ゲームの事しか書いてない らじてんのブログ。

「ペルソナ5」ネタバレあり感想

 2週間近く、全力でペルソナ5を遊び尽くすためだけに生きたので、燃え尽き具合がすごい。俺です。

 1周目をクリアし、あとは隠しボスだのなんだのをまったりとこなすモードとなったため、ネタバレのえぐい感想を書こうと思う。

 長いよ。

 

 ペルソナ5はクリア直前までネタがびっしり詰め込まれていたため、ネタバレをくらうと楽しみがかなり死ぬと思うから、まだ未クリアの人はこんな反芻垂れ流しを読んでないで、ゲームの世界に帰ってください。

 

 蛇足の考察(ってほどでもない)はこちら。

 

 

プレイ状況

 PS4版をプレイ。

 1周目をクリア。2周目プレイ中。初周クリアは100時間程度。

 コープ全MAXはならず(塔・刑死者が残ってしまった)。ヌシ釣り、刈り取る者撃破など、トロフィー要素なども未コンプ。

 P4Gをプレイ時、恋人関係になれるキャラ全員とつきあって修羅場イベントを経た結果、一旦思い入れたキャラをゲームだからと言って傷つけて楽しめるタイプではないと気づいたので、今回は一人だけ付き合って穏やかなエンドを迎えた。

 

 

バトルシステムなどについて

 大まかな感想は、前回書いた「ペルソナ5 ここまでの感想(ネタバレなし)」で書いた内容とほぼ変わらない。
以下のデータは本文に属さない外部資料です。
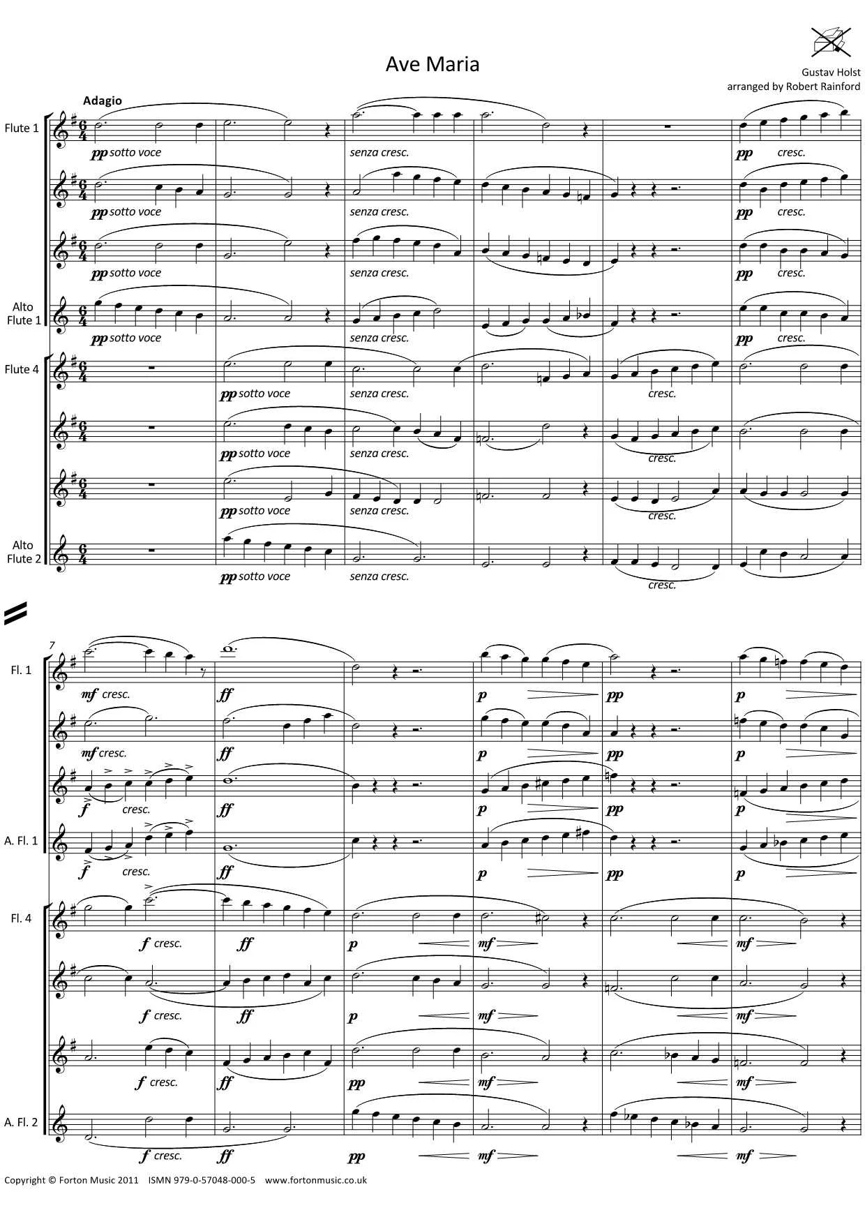An arrangement of one of Gustav Holst’s earlier works, originally for eight part women’s voices. Lush harmonies and simple flowing lines build to create a beautifully elegant sound world. The statement and answer sections mean that this piece works well antiphonally with the two quartets separated, but is just as good as a large choir piece. The relatively straightforward lines and simpler instrumentation make this an ideal piece for flute choirs that do not possess the larger instruments.

 終盤は、レベルを上げすぎてチャージ物理連発で終わってしまったが、まぁこれはいつもの事と言えばいつもの事…。コープ進行度合いが悪くても詰まってしまわないバランス調整を考えればしょうがないんだろう。というか今作最大の敵はボリュームだろうしな…。
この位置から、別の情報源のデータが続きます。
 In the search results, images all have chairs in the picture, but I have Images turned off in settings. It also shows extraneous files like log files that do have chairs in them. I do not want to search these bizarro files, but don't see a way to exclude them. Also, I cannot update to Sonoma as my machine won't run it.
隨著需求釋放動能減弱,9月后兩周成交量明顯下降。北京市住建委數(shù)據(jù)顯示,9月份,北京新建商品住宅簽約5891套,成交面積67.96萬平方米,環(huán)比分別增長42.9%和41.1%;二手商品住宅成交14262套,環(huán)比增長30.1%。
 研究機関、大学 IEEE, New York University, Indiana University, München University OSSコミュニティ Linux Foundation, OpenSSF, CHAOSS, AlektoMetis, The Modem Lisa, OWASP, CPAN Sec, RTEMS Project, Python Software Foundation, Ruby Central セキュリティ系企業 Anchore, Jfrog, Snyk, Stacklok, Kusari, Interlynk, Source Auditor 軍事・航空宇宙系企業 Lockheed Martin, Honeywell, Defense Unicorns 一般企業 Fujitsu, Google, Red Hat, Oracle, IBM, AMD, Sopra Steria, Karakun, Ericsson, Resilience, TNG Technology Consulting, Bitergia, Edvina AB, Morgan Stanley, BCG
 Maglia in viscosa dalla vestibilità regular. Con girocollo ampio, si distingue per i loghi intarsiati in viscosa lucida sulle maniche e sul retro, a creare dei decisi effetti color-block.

 コープアビリティーが充実した際は、先制銃撃、ハックで逆転包囲、戦闘中バトンタッチ・メンバーチェンジ、交渉でもゴリ押し、さらに雑プレイでもファイナルガードで完全防御するなど、縦横無尽かつ無双なプレイができる*1

 操作は徹底的に遊びやすく、アニメーション、カメラ演出も小気味よく、敵味方共にキャラがしゃべり倒す戦闘は、戦闘終了後の演出がちょっと長い以外は、極めて良好。これ以上の出来は想像できないくらい。

 奇をてらった新要素よりも、培ったコマンドバトルをギリギリまで研ぎ澄ました内容で、最後までほとんどストレスなく、ゴージャスなボリュームを楽しまさせてもらった。

 

日常パートについて

 本筋に関係ないお遊びは控え目(釣りとバッティングセンターくらいか)ながら、とにかく色んな施設が大量。パラメータとコープ上げを無駄なくこなそうとした結果、お出かけスポットを活用できたとは言い難いが、それでも色んな施設に遊びに行く楽しみがあった。

 要素が大量ゆえに、スケジュール圧迫がやばいのでは?と想像していたが、随所でパラメータアップボーナスが挿入され、少なくとも3や4の初周よりは余裕のあるプレイができた。ゴールデンに比べると、キャラ好感度の上がるミニイベント(夢)などは少なめだった印象だし、3~4を通過した後だからそういうプレイを出来ただけの可能性もある(というか、コープイベントなどで小刻みにリセットを行い、相当良い選択肢をチョイスしたりしながら遊んだのがでかそう)。

 オープンワールド系ゲームのように、充実のマップ、充実の施設群…ということはない(ゲームが違うので比較するのもおかしいんだけど)、RPGの日常パートを過ごすには十分凄まじい物量密度で、おなか一杯にしてくれた。

 

グラフィック・UI全般

 PS3と同発ということもあって、テクスチャの解像度はムラがあるし、背景オブジェクトは今時珍しい影なし(というかトゥーン影のみ)。しかし、UIやデザインによって、グラフィックが全くしょぼく見えない気にならない。とてもいい密度で都会の雰囲気が表現されている。また、各パレスのデザインなどダンジョンの美術も相当に凝っている。

 頭身が上がったにも関わらず、キャラの表現やモーションもとてもいい。バトル周辺のモーションや演出は出色の出来で、総攻撃の気持ちよさはシリーズ屈指の仕上がりだと思う。

 また、各キャラのペルソナ覚醒シーンは最高に気合が入っていて、外注かな?と感じたほど。ラスボスの放つ技とかも急にナルティメットばりのエフェクト表現で外注かな?と思った。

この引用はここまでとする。